For myelopathy, regarding region and approach, cervical myelopathy is more common with thoracic cases representing less than one-tenth as many as cervical [13]. Among our 28 myelopathic patients sustaining injury, 50% were thoracic, far in excess of the expected background incidence unless thoracic myelopathy is of greater risk. Among the 14 cervical myelopathy cases, 5 had unknown causes of neurologic injury (2 anterior, 2 posterior, 1 combined approach), 3 were postoperative fluid collections (2 posterior, 1 anterior), 2 were instrumentation related (1 posterior, 1 combined approach), and 4 were traumatic decompressions (3 anterior, 1 posterior). Though we have previously reported a statistically higher rate of inadequate decompression with subsequent neurologic decline (not a perioperative event) requiring revision surgery in myelopathic patients after anterior cervical approaches compared to posterior approaches, best approach overall is still debated and we can make no statement about whether the perioperative neurologic event rate is higher for one or the other [14,15,16,17]. In the Yonebu et al. [2] study of 384 cervical myelopathy patients, though the authors did not analyze the difference themselves, anterior and posterior approaches were not different statistically for rates of perioperative major neurologic complications at 5/199 anterior and 3/177 posterior (Chi square p = 0.59). Similarly, in a study comparing anterior and posterior cervical approaches using combined data from the AOSpine myelopathy studies, there was no statistical difference between the approaches for new major neurologic event: 5/255 (2%) for anterior and 3/180 (1.7%) for posterior [17].

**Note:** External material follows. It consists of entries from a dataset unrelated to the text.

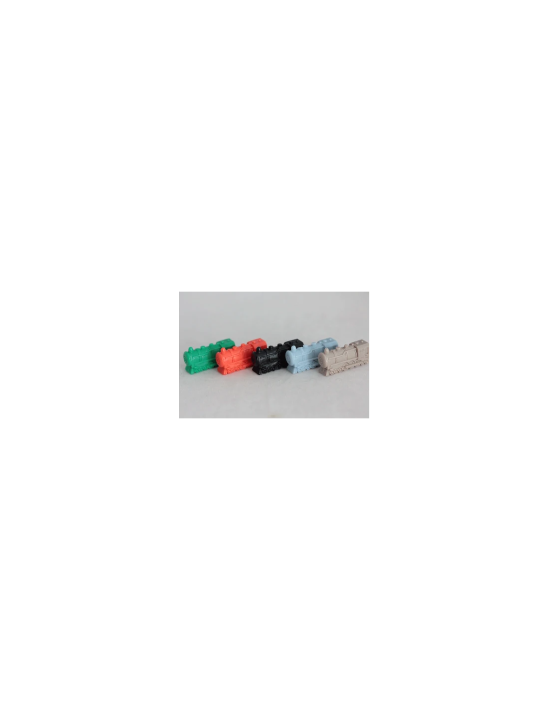 Set van 5 plastic treinen. Elke set bestaat uit een groene, oranje, zwarte, blauwe en grijze trein.
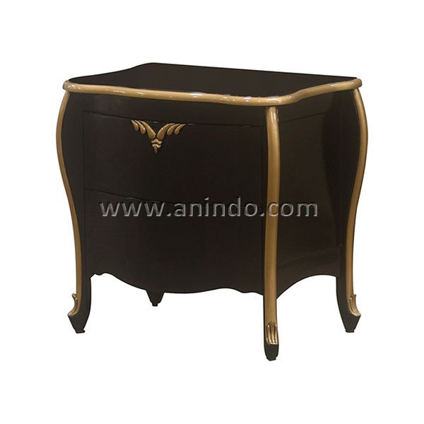 Bedside Korea 2 drawers is made of mahogany wood in black combine with gold painted finish. Soft opening drawers.
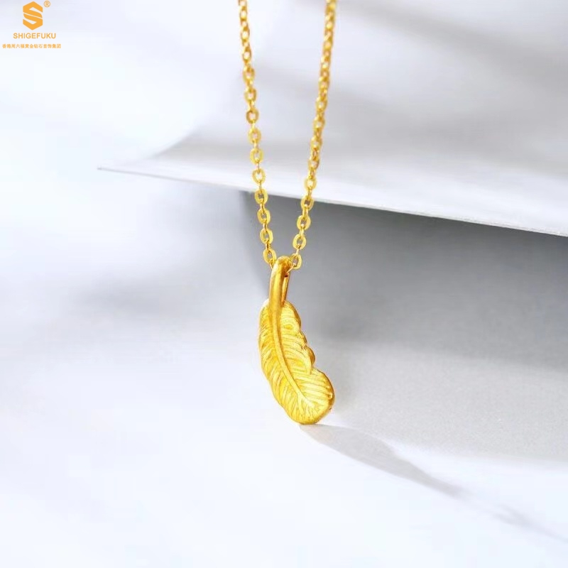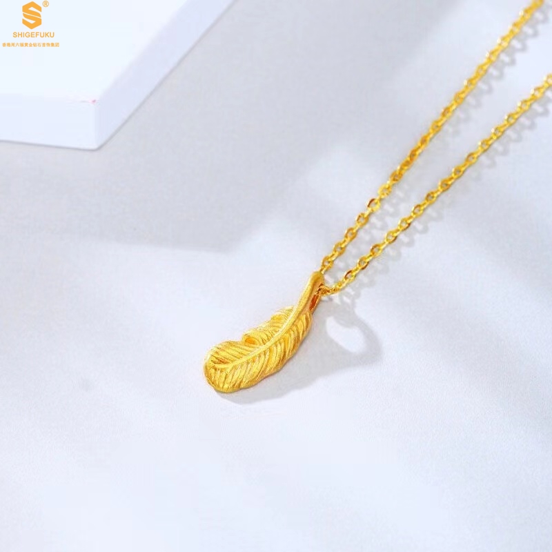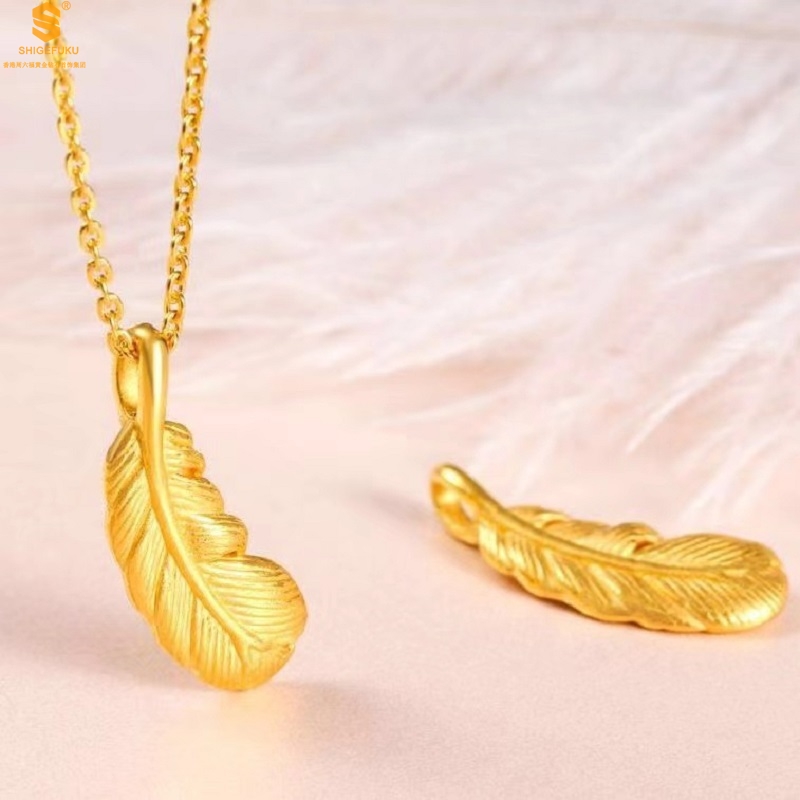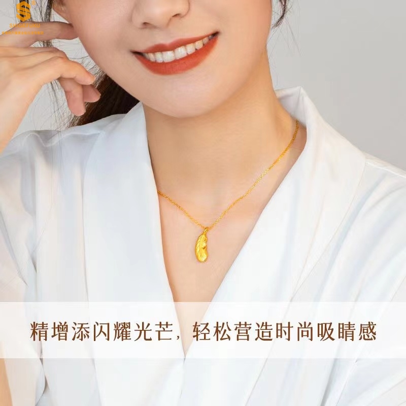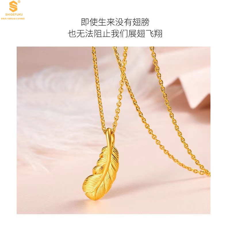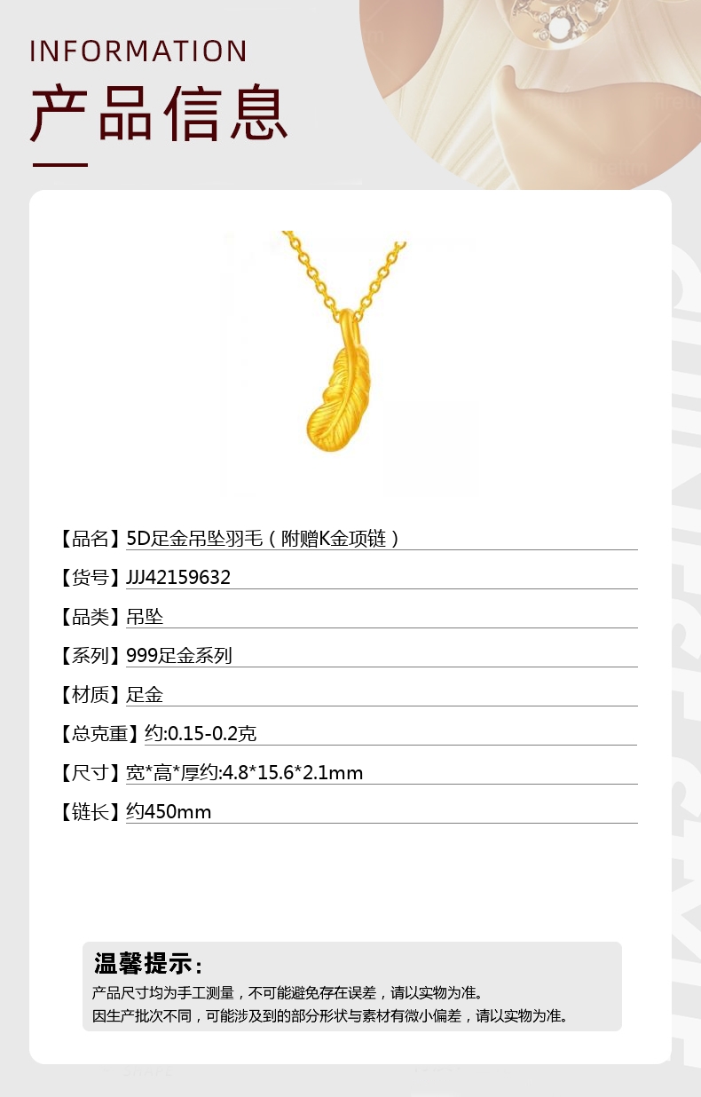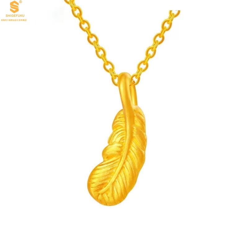 【品名】5D足金吊坠羽毛(附赠K金项链)
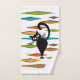 Illustration de style abstrait coloré du milieu du siècle avec chat noir et décoration de losange coloré sur arrière - plan blanc
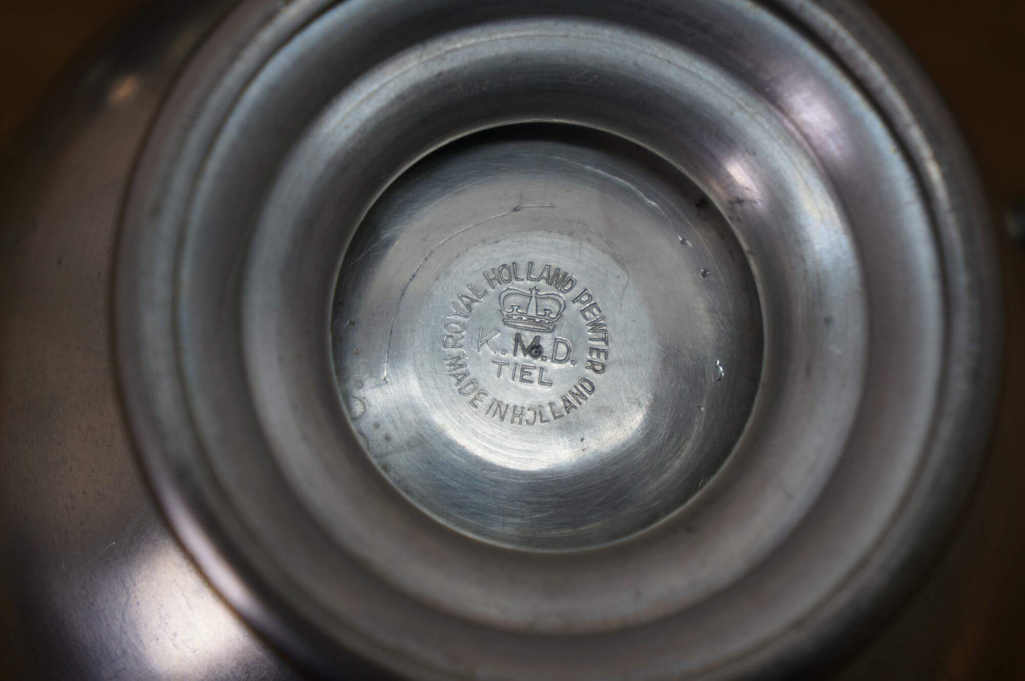 "KMD ROYAL HOLLAND PEWTER is a registered trademark owned by N.V. KONINKLIJKE METAALWARENFABRIEKEN VOORHEEN J.N. DAALDEROP & ZONEN. The company was founded in 1880 by J.N. Daalderop. Household items were manufactured in the style of the new art, a sleek variant of Art Nouveau. These were crockery, pots and dishes, kettles, and kerosene and gas lamps. In 1917, the company was converted into a public limited company, the Royal Metal Goods Factory formerly J.N. Daalderop and Sons. Around this time, household electrical appliances came into use and Daalderop added to the production range. This started with an electrically heated shaver tray, and soon boilers were also manufactured. The style of the products evolved to that of art deco and the Amsterdam School. The family business was under the undisputed leadership of Johan Daalderop (1883-1961). The Second World War meant a temporary setback: looting of inventory by the German occupying forces and destruction of the company building by Allied fire. But after the war the company revived and covered almost all facets of light metal working, with its own stamping and tool shop, stamping shop, forcing shop, sheet metal shop, metal turning shop, copper and tin foundry, polishing and grinding shop, electroplating shop and paint shop and finally the assembly department. Copper and pewter articles and gas cylinders, jerry cans, lighting items, electric heating devices and hot water reservoirs were produced. A specialty of the company remained the manufacture of pewter products. The Royal Holland Pewter trademark was filed on 26 Mar 1964 and registered on 21 June 1966. In 1969, the family business merged with another family business in a partly related sector, Etna. The merged company was then taken over by Internatio-Müller. In the 1970s, short-time work and mass layoffs followed. In particular, tin production, half of which was exported to the US, was under pressure. Like that of household objects, it was discontinued in the 1980s. The company focused on heating equipment, especially boilers. As of 14 Jan 1989, the Royal Holland Pewter trademark was allowed to expire. Also, in 1989, Internatio-Müller sold Daalderop to the Irish company Unidare PLC. In 2011, Daalderop entered into a partnership with Itho, which is based in Etten-Leur and Schiedam, and has since been called Itho Daalderop. Since 2015, Itho Daalderop and Klimaatgarant have together formed the CFL Holding. In September 2023, Itho Daalderop and Klimaatgarant were sold to Swedish heating major industrialist NIBE Industrier for 640 million euros." (Wikipedia / Trademarkia)
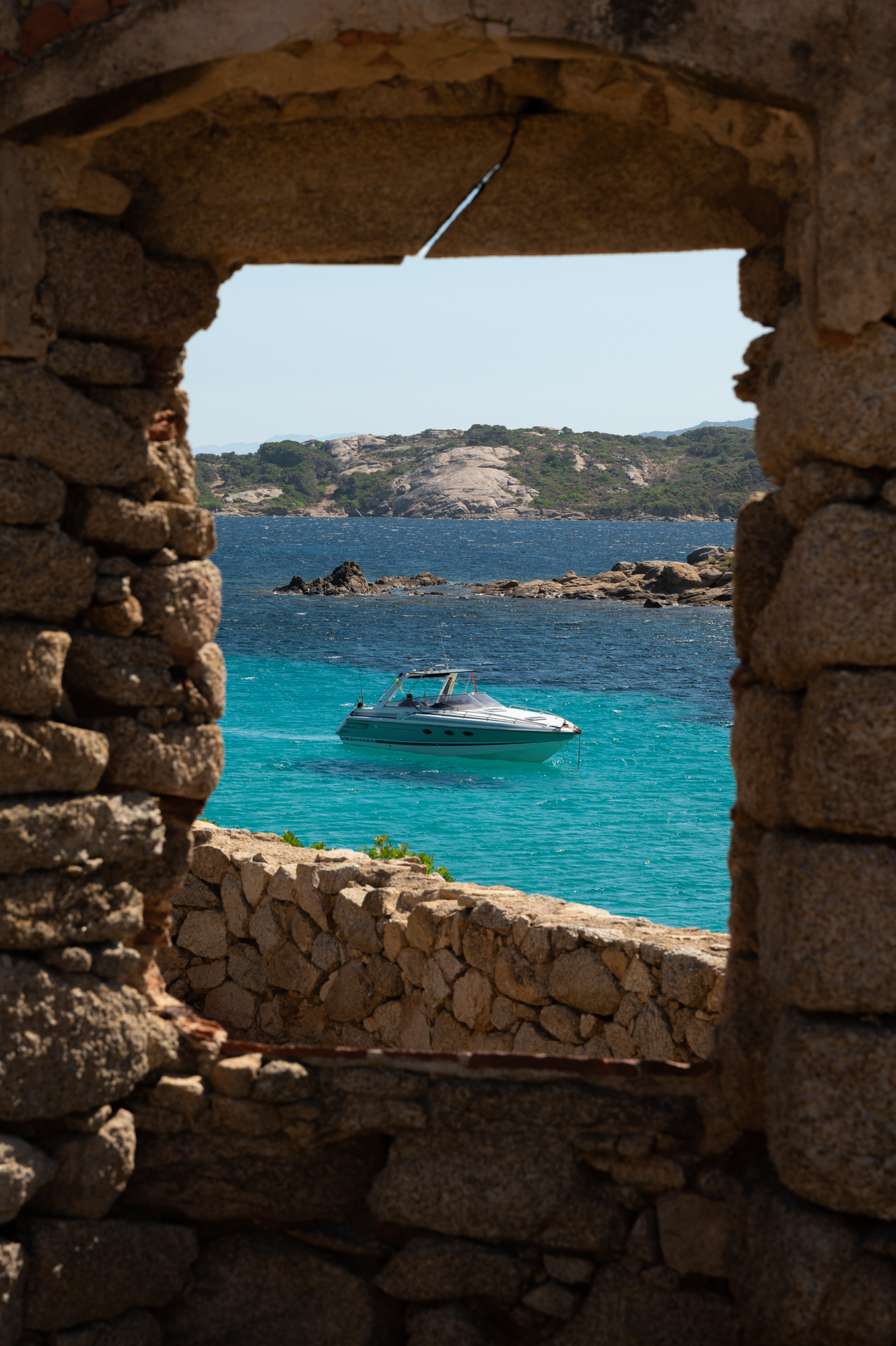 An der Bucht schließlich liegt die Ruine eines alten Steinhauses. Man kann es vollständig begehen. Durch das Fenster präsentiert sich ein kleines Sportboot. Der Schatten ist eine mehr als willkommene Abwechslung zu der gleißenden Hitze. Unsere Körper bekommen wieder Gelegenheit dazu, Normaltemperatur anzunehmen.

Of final note are the 31% of major neurologic deficits that arose in the postoperative period, most of which were due to fluid collections: 8 hematomas, 2 seromas, and 6 abscesses. This illustrates the importance of aseptic surgical technique and prevention as well as postoperative surveillance in avoiding these complications. The problem is that postoperative fluid collections are a common occurrence following spine surgery, but most of these are asymptomatic, neither known to the patient nor creating a neurologic deficit [18]. The efficacy of surgical drains to prevent postoperative fluid collections has mixed evidence and whether the decrease in observable fluid volume correlates with a protective effect against postoperative neurologic compromise remains uncertain [19,20,21]. Notably, postoperative fluid collections had a lower rate of loss of bowel-bladder function than all other causes and were at the lower end of AIS decrement among known causes.

This study does have important limitations including not knowing the total number of cases over which these injuries occurred to determine actual rates of injury, though these rates have been established in other studies and a determination of incidence was not a study goal. Though the data and consults were collected prospectively by our spine team, the retrospective nature of review is subject to the inaccuracies inherent to any chart review and extraction. Retrospective studies are lower grade evidence than prospective ones, but rare events often necessitate this type of study as employed herein to gain more granular detail not otherwise easily achievable. The major advantage is that we have a large number of modern events at 64 and the series includes cases referred from a broad sample of spine surgeries performed by orthopedic spine and neurosurgeons at small and large, academic, private and health maintenance organization centers throughout the Los Angeles, California basin, the second largest metropolitan area in the United States.